Note
Access to this page requires authorization. You can try signing in or changing directories.
Access to this page requires authorization. You can try changing directories.
This guide shows you how to use text to speech avatar with real-time synthesis. The avatar video is generated almost instantly after you enter text.
Text to speech avatar can be used in the Voice live API to create a more personalized voice conversation. See Voice live API overview and Avatar in Voice Live sample code to learn more
Prerequisites
You need:
- Azure subscription: Create one for free.
- Foundry resource: Create a Microsoft Foundry resource in one of the supported regions. For more information about region availability, see Text to speech avatar regions.

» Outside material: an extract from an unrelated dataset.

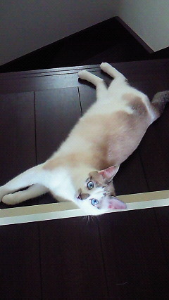 暑いと びよーん伸びてる猫だけど、前脚は上からは確認できない。

Or, if you use Speech Studio:
- Speech resource: Create a speech resource in the Azure portal. Select the Standard S0 pricing tier to access avatars.

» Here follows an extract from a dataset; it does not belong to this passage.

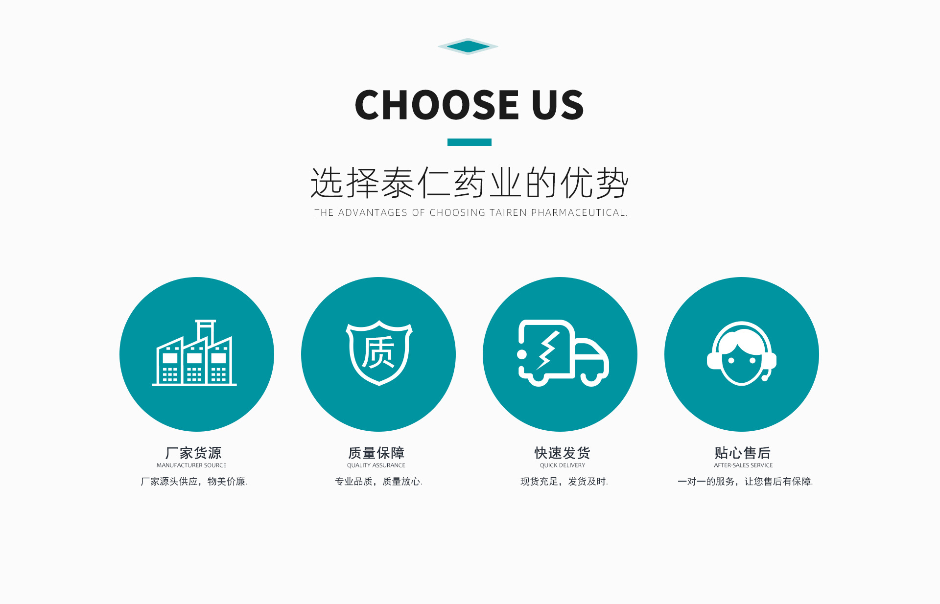 湖南泰仁藥業有限公司創建于2015年,位于歷史文化名城湖南省長沙市,是醫藥、獸藥等產品專業生產加工及銷售一體的公司,擁有完整、科學的質量管理體系。 公司醫藥制劑發展迅速,已擁有維生素類、抗生素類、心血管類、解熱鎮痛類等近百種品種規格的產品,有足夠的市場供應能力。湖南泰仁藥業有限公司本著誠信經營、互惠互利的原則,竭誠與您精誠合作、共謀發展、造福人類。 公司始終視質量為根,視服務為本,嚴格按照GMP要求建立了完整的質量保證體系和質量控制標準以及對于每個客戶的每個要求我們都倍感珍惜且竭盡所能。

- Speech resource key and region: After deployment, select Go to resource to view and manage your keys.
Set up environment
To use real-time avatar synthesis, install the Speech SDK for JavaScript for your webpage. See Install the Speech SDK.
Real-time avatar works on these platforms and browsers:
| Platform | Chrome | Microsoft Edge | Safari | Firefox | Opera |
|---|---|---|---|---|---|
| Windows | Y | Y | N/A | Y¹ | Y |
| Android | Y | Y | N/A | Y¹² | N |
| iOS | Y | Y | Y | Y | Y |
| macOS | Y | Y | Y | Y¹ | Y |
¹ Doesn't work with ICE server by Communication Service, but works with Coturn. ² Background transparency doesn't work.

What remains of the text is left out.